Work instructions
Without including any pictures, give back all of the data exactly.

Information provided
▬▬▬

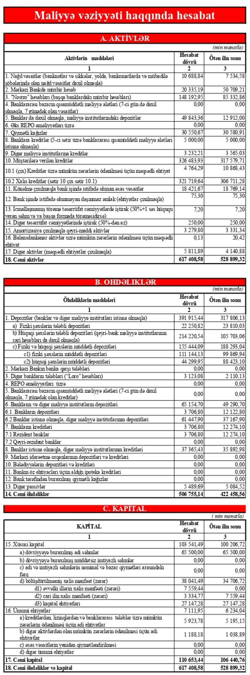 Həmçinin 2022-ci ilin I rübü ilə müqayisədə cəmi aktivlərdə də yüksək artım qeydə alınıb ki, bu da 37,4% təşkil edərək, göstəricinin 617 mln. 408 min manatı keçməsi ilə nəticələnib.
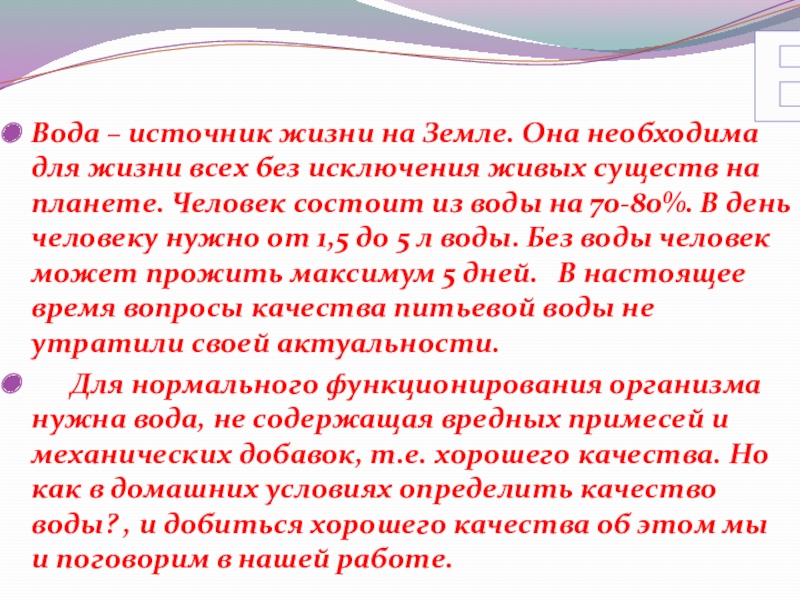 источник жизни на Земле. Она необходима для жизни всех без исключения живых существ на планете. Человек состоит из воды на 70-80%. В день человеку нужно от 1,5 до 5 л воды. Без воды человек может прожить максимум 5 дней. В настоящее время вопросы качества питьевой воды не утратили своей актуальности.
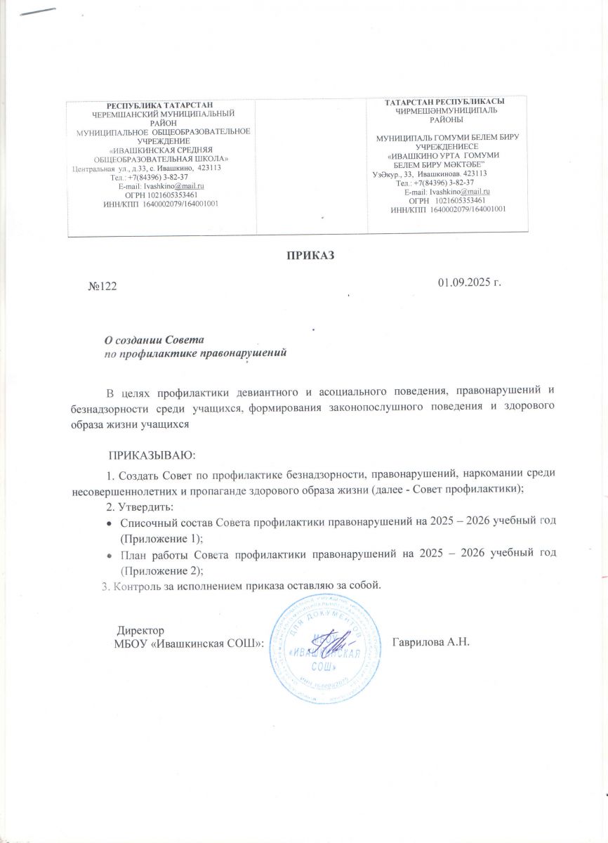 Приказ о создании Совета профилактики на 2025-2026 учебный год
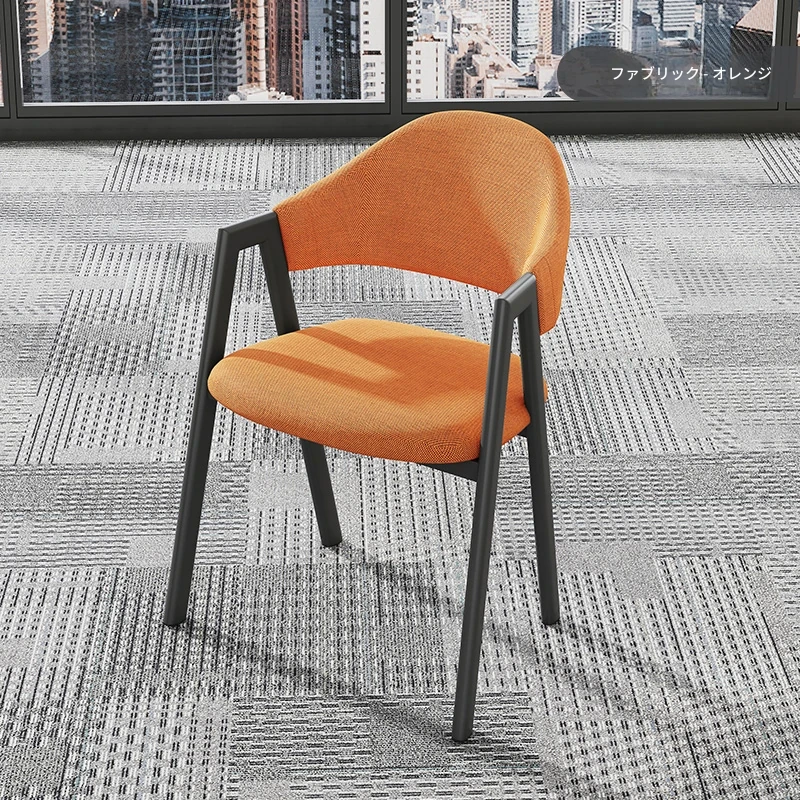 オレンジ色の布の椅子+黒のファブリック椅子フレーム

▬▬▬

Task answer
 Həmçinin 2022-ci ilin I rübü ilə müqayisədə cəmi aktivlərdə də yüksək artım qeydə alınıb ki, bu da 37,4% təşkil edərək, göstəricinin 617 mln. 408 min manatı keçməsi ilə nəticələnib.
 источник жизни на Земле. Она необходима для жизни всех без исключения живых существ на планете. Человек состоит из воды на 70-80%. В день человеку нужно от 1,5 до 5 л воды. Без воды человек может прожить максимум 5 дней. В настоящее время вопросы качества питьевой воды не утратили своей актуальности.
 Приказ о создании Совета профилактики на 2025-2026 учебный год
 オレンジ色の布の椅子+黒のファブリック椅子フレーム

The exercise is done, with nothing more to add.